With Belgium’s decision, the extradition request could become another failed attempt the Ecuadorian judiciary for Correa to serve his sentence in this area. This is because Interpol has not effectively responded to at least three requests from that country to issue a red notice against the former president, who settled in Belgium, his wife Anne Malherbe’s country of birth, after leaving government.
“This is the third request to Belgium – stresses Correa –. They have all been turned away, even without asylum, and will once again make a fool of themselves.” And he added: “All red alert requests to Interpol from all those convicted in the so-called bribery case have also been rejected, many of them with unusually harsh language from Interpol, such as an attack on human rights and doubts about due process.” .
In fact, Interpol claims that the trials were politically motivated and this allowed Correa to move freely and permanently around different countries of the world and even to interview various leaders of the region for its TV show Conversing with Correa, broadcast by the network Russia Today based in Moscow.
“Interpol, in debt”
For Balda, Correa’s prosecutor in the kidnapping case, Interpol Ecuador owes a debt of gratitude for not taking action against Correa despite acting with others involved, as in the case of former intelligence minister Pablo Romero, who was arrested in Spain and extradited to that country where he is being held.
García stressed that the extradition order requested by the National Court of Justice could also be activated in other countries where the former president may go.

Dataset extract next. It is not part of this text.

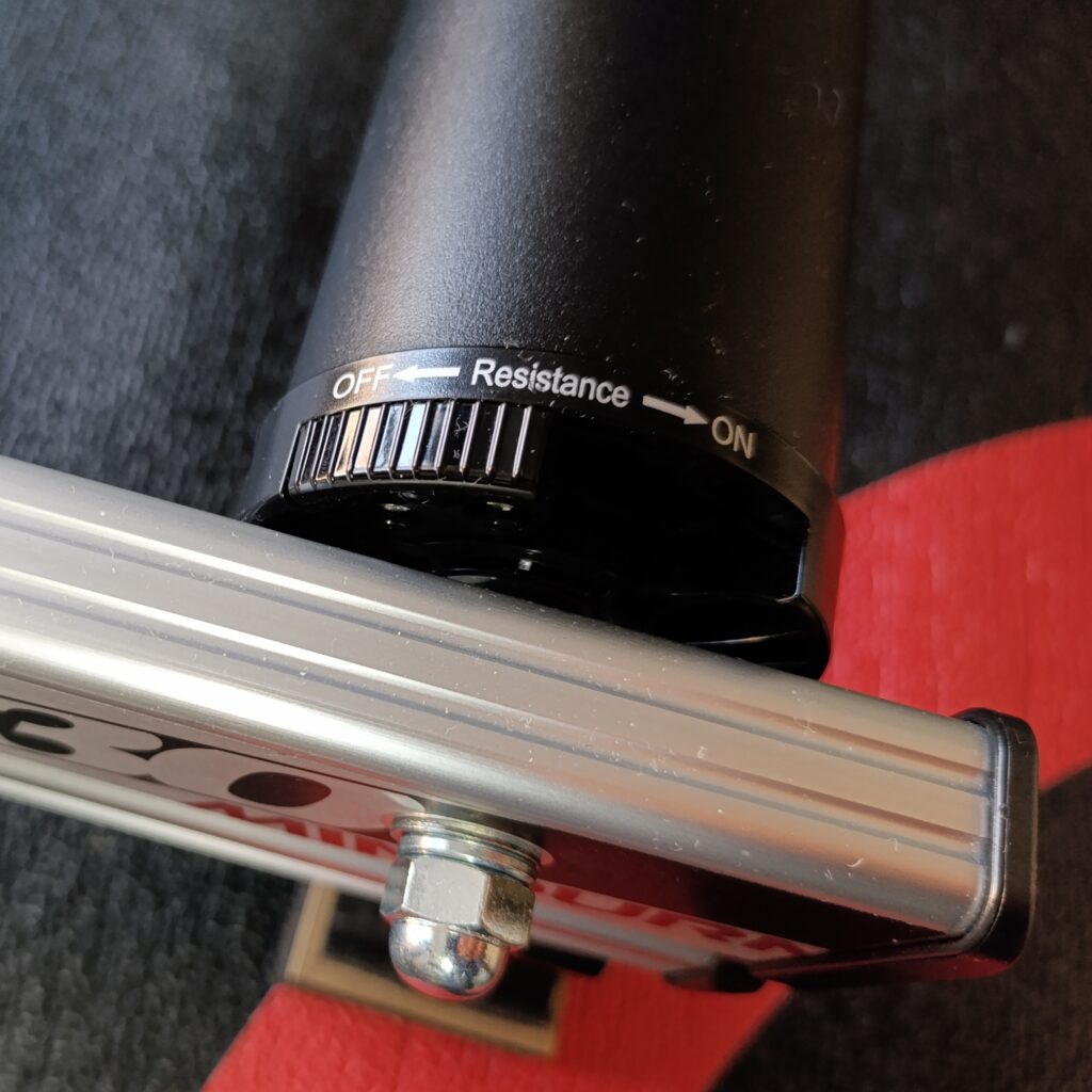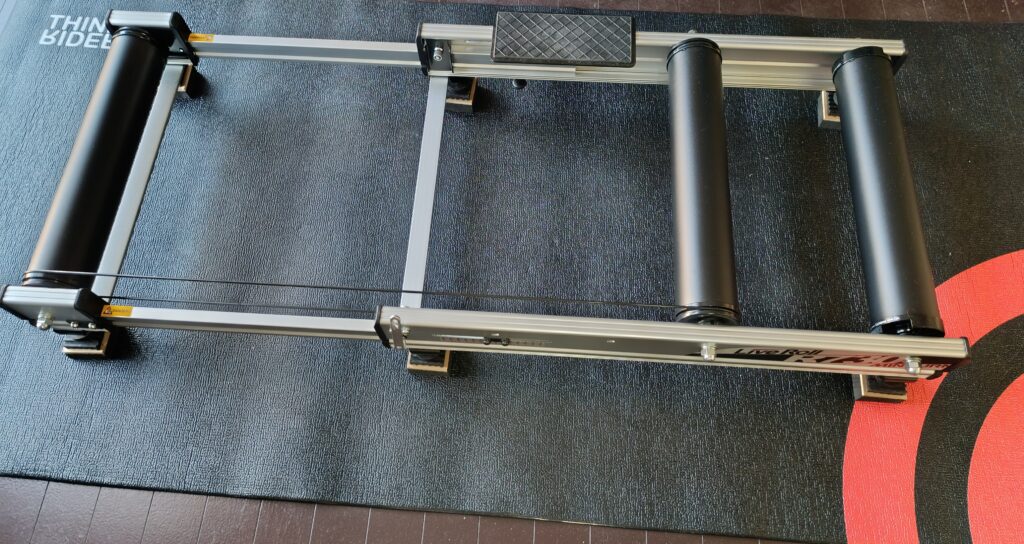 一番後ろのローラーの両サイドに負荷の切り替えレバーがついています。どちらか一方をオンにすると1段目の負荷が加わり、さらにもう一方をオンにすると2段目の負荷が加わるというシンプルなものです。3段階と言っても最初の負荷無し状態も含めて3段階なので実質2段階の負荷機能です。走行しながら負荷を変更できるわけでもない極めてアナログなつくりですが、私にとってはこれで十分です。もともと負荷をかけたトレーニングなどするつもりもなかったわけですが、負荷が加えられることにはありがたさを感じています。ペダリングの回転練習と低いレベルのペース走を室内でできればよいなあと思っていましたのでこれで十分です。さらに微妙な負荷を加えたければ手元のSTIレバーでギヤを選択すればそれで十分に室内でやりたいことはできると思っています。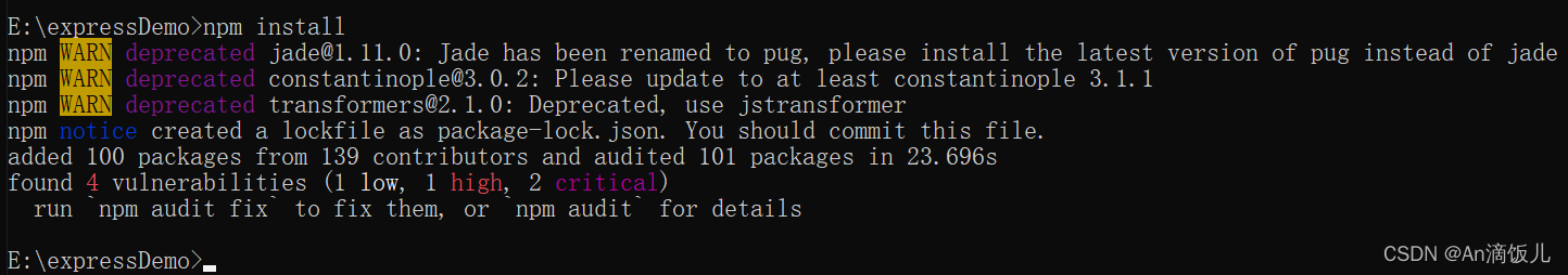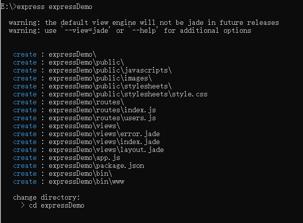 创建一个express项目 执行express expressDemo(expressDemo是项目名)

The activist points out that other countries have responded to the Ecuadorian legal requirements, recalling that Colombia has arrested and convicted those involved in his kidnapping. Lawyer Ramiro García told EL TIEMPO that Ecuador must request the revocation of political asylum because there are documents, procedural arguments and sufficiently clear judicial measures that have been carried out in due process and have proved the former President’s responsibility for the facts assessed which political asylum would not be justified.
In a dialogue with this medium, García stressed that the extradition order requested by the National Court of Justice could also be activated in other countries to which the former president may go.
Far from being an achievement for Correa, the jurist believes political asylum is covered for future actions, considering there are other sensitive issues for the former president, such as the arrest of Colombian businessman Álex in the United States Saab and currently , the former Ecuadorian auditor Carlos Polit, implicated in acts of corruption and money laundering.